CfP: New law – new gender structure? Codifying the law as a process of inscribing gender structures (Event, 09/2012, Innsbruck); DL: 15.04.2012

7th Conference of the International Research Network „Geschlechterdifferenz in europäischen Rechtskulturen“ – „Gender Differences in the History of European Legal Cultures“.

Organiser: Institute of History and European Ethnology / Research Cluster “Political Communication” (Research Platform “Politics Religion Art”), University of Innsbruck (Web), (Web), Team of organisation: Ellinor Forster (Innsbruck), Margareth Lanzinger (Berlin/Vienna), Gunda Barth-Scalmani (Innsbruck), Karin Gottschalk (Frankfurt a. M.)

Venue: Innsbruck
Time: 13th–15th September 2012
Deadline: 15th April 2012
Conference language: English, CfP_PDF

The year 2012 is the 200th anniversary of when the “Allgemeines Bürgerliches Gesetzbuch” (ABGB; the Austrian Civil Code) came into effect in the German hereditary lands of Austria. The proclaimed objective of this codification was the creation of a legal system for a new – civil – society. However, it actually codified the hierarchy relations in a different way.

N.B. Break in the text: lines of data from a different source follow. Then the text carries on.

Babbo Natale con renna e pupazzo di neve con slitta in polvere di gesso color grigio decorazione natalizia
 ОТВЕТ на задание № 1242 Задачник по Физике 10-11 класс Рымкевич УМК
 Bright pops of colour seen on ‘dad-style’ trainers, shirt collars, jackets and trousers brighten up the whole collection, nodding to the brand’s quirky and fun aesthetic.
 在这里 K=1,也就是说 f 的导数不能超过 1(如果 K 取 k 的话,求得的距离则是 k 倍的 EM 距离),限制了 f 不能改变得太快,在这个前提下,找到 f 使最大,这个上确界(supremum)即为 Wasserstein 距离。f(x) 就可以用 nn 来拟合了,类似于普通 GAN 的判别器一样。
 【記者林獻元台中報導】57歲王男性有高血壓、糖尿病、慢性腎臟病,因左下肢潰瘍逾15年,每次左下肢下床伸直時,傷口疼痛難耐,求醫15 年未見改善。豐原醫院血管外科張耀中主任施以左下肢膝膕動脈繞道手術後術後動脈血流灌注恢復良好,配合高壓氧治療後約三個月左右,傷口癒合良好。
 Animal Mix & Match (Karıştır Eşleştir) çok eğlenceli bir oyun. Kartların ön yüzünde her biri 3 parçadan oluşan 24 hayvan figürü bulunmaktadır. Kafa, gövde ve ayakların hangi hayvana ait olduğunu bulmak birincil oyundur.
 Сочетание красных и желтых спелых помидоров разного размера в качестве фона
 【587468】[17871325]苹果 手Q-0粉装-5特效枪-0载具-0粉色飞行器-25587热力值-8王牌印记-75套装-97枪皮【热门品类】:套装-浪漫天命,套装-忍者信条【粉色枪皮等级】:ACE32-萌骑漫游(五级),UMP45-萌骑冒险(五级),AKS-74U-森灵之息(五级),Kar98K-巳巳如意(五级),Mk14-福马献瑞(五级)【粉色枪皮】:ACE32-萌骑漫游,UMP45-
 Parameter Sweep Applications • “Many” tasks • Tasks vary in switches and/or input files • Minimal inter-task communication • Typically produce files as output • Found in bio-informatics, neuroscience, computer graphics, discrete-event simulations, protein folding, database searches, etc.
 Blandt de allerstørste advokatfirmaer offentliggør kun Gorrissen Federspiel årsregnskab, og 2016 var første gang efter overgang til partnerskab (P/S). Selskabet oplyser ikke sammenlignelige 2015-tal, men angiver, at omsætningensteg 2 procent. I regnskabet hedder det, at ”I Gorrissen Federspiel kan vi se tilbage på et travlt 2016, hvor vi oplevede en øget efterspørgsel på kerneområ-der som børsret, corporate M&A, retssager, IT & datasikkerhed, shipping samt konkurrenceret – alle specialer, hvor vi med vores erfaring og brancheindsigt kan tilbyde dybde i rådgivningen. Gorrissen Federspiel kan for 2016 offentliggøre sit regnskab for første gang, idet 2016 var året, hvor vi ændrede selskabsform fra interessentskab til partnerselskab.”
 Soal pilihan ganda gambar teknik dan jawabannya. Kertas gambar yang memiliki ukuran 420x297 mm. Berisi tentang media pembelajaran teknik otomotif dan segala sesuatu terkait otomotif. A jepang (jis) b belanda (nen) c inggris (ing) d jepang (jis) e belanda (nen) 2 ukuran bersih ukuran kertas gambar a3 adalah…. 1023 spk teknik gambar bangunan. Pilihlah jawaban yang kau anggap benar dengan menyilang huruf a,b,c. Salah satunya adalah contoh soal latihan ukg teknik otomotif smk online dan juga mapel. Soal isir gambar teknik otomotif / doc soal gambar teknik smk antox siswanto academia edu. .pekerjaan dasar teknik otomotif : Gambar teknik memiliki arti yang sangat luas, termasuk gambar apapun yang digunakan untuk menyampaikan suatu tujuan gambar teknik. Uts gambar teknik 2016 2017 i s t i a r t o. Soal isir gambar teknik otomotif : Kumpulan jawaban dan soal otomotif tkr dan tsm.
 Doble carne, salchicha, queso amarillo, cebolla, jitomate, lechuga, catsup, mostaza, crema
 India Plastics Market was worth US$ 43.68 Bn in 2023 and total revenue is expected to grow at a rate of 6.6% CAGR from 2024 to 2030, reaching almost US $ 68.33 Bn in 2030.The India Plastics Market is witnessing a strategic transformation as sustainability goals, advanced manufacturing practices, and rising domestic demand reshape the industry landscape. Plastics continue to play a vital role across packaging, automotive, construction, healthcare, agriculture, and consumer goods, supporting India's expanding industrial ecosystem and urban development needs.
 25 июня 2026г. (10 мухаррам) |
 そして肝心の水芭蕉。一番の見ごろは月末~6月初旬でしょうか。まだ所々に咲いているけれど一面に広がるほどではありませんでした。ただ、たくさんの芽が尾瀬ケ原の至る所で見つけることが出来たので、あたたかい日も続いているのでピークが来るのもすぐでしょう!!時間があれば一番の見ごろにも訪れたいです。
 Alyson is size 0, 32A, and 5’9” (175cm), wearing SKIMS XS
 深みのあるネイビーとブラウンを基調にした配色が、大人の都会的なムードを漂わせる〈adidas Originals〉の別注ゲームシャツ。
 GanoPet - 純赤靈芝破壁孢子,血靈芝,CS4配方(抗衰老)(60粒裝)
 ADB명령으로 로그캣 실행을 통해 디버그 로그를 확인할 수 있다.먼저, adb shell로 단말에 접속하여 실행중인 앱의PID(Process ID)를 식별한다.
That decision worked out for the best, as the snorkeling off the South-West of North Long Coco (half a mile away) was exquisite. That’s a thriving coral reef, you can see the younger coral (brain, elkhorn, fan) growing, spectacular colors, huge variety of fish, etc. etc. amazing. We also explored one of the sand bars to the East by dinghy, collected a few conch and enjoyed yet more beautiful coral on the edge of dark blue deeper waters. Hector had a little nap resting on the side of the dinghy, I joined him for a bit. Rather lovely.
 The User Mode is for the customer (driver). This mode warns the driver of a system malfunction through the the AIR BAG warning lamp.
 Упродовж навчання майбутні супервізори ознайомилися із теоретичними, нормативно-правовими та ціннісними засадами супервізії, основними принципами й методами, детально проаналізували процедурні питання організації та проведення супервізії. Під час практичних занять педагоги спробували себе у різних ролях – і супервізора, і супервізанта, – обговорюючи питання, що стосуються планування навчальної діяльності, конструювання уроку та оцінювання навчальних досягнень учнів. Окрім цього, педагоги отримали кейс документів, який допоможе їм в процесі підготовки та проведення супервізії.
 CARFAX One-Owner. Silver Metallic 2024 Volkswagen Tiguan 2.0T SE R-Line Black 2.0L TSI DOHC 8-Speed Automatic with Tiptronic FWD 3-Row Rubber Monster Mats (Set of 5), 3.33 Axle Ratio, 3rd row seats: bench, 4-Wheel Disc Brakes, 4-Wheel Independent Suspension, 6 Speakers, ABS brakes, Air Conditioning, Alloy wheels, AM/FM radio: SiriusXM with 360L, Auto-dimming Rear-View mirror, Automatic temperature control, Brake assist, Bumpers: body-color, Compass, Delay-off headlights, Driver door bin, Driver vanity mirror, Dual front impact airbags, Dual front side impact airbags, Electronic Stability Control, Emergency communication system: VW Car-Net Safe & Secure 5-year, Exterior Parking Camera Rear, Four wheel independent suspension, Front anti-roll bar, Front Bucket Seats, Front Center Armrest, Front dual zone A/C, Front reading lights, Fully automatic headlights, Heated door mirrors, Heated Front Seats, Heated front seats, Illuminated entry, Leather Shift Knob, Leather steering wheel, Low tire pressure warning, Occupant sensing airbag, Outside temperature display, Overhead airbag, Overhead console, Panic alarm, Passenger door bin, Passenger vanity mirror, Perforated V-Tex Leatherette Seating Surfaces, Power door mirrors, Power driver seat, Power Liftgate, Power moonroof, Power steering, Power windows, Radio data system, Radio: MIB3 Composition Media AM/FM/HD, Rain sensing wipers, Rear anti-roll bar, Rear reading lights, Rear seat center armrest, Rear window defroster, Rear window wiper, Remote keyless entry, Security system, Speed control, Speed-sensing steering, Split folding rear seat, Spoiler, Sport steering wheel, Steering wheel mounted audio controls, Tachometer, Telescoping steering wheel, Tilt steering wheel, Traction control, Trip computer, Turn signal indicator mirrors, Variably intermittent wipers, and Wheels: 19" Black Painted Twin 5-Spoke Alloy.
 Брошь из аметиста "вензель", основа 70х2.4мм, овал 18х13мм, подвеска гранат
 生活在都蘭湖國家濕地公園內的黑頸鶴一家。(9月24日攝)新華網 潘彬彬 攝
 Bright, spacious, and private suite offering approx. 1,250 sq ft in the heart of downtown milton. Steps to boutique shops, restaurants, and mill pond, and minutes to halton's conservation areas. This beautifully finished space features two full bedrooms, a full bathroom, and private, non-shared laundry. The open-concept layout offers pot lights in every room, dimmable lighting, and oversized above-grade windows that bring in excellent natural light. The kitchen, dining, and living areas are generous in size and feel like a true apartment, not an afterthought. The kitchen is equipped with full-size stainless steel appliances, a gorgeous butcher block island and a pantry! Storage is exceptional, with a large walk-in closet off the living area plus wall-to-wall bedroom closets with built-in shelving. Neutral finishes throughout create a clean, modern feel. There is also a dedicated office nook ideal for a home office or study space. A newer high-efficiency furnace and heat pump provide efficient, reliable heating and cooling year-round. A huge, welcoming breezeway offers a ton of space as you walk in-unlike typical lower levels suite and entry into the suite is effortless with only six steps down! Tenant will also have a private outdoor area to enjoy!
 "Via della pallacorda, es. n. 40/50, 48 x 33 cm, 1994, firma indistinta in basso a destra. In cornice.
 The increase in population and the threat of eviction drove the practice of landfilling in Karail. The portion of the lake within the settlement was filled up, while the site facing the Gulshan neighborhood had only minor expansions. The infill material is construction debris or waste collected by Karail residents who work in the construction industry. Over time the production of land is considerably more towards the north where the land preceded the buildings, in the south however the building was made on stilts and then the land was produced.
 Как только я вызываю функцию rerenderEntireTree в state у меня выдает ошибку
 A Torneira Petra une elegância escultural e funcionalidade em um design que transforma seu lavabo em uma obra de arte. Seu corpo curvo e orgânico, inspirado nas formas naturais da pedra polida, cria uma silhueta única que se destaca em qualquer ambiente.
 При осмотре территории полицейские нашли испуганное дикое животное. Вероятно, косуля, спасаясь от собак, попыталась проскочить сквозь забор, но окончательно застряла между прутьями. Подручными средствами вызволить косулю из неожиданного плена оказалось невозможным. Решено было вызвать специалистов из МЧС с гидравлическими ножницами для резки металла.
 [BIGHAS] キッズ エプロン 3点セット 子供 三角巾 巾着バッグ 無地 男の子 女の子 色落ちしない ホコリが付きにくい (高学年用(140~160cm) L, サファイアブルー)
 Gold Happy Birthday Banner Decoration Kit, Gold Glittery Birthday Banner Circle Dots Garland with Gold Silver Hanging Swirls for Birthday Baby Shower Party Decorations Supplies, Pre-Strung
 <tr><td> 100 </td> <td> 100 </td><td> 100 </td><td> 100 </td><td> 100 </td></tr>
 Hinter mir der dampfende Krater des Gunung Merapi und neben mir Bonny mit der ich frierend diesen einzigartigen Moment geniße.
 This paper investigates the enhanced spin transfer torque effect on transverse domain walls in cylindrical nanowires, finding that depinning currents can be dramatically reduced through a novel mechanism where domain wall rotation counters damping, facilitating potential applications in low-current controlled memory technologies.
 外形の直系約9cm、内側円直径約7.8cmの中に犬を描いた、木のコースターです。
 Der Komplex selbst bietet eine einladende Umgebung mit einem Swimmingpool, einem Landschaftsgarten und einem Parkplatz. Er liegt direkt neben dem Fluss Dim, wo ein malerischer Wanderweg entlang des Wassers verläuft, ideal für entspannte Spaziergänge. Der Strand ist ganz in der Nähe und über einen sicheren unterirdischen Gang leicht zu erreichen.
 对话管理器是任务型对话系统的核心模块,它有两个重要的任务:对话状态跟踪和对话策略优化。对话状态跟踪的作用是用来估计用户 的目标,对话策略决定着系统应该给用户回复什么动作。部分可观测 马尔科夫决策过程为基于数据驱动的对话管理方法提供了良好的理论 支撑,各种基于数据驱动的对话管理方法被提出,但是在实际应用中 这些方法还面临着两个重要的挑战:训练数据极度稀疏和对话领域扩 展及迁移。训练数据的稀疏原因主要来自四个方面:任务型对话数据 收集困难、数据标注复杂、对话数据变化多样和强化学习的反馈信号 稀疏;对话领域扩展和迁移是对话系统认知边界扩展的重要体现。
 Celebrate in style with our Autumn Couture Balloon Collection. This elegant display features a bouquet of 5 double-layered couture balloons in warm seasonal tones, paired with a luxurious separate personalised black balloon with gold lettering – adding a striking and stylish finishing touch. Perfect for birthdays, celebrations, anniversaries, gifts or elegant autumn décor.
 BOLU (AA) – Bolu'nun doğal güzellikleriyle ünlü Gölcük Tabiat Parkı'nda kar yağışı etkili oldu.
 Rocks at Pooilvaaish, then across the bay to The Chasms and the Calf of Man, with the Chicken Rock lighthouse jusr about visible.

Power relations are organised and structured largely by means of law in the way in which they are anchored territorially. This is the case for all forms of hierarchy and rule within a society and thus also for the unequal power relations between the genders. Over the course of the centuries, the law was increasingly modified, amended and rewritten. The range in terms of its area of validity was highly varied, especially in the early modern period: village regulations and city laws existed alongside land and church laws, which in turn possessed a complementary or subsidiary relationship with canon law or imperial law. The large centralised codifications successively replaced these kinds of particular laws in a formal sense from the end of the 18th century and forced back the influence of church law and the early modern legal plurality.

The development of a new legal system as well as the introduction of new statutes and regulations is inseparably connected with social processes, changes and upheavals – whether law depicts what is already social reality, or whether by means of the law new social templates are implemented. The legal organisation of gender relations is to be seen as a central element of any social order. The powers allocated to both genders structured the connection and the relations between women and men as well as expanding or limiting their scope of action and thereby their position of power within their own social environment and within society. Social changes were often accompanied by criticism of the prevailing gender relations. “New” law, however, did not always involve improvement in terms of a move towards gender equality; therefore from the gender perspective in particular it can no means be equated per se to “progress”.
The legal shaping of gender structures took place within society and at the same time cannot be separated from the concept of gender of those who drew up and codified new legal structures. The conference thus centres on the question concerning connections between processes of negotiation and codification of law – at the various territorial levels – and perceptions with regards to the resulting creation of gender structures. The historical period for potential contributions stretches from the ancient world to the 20th century.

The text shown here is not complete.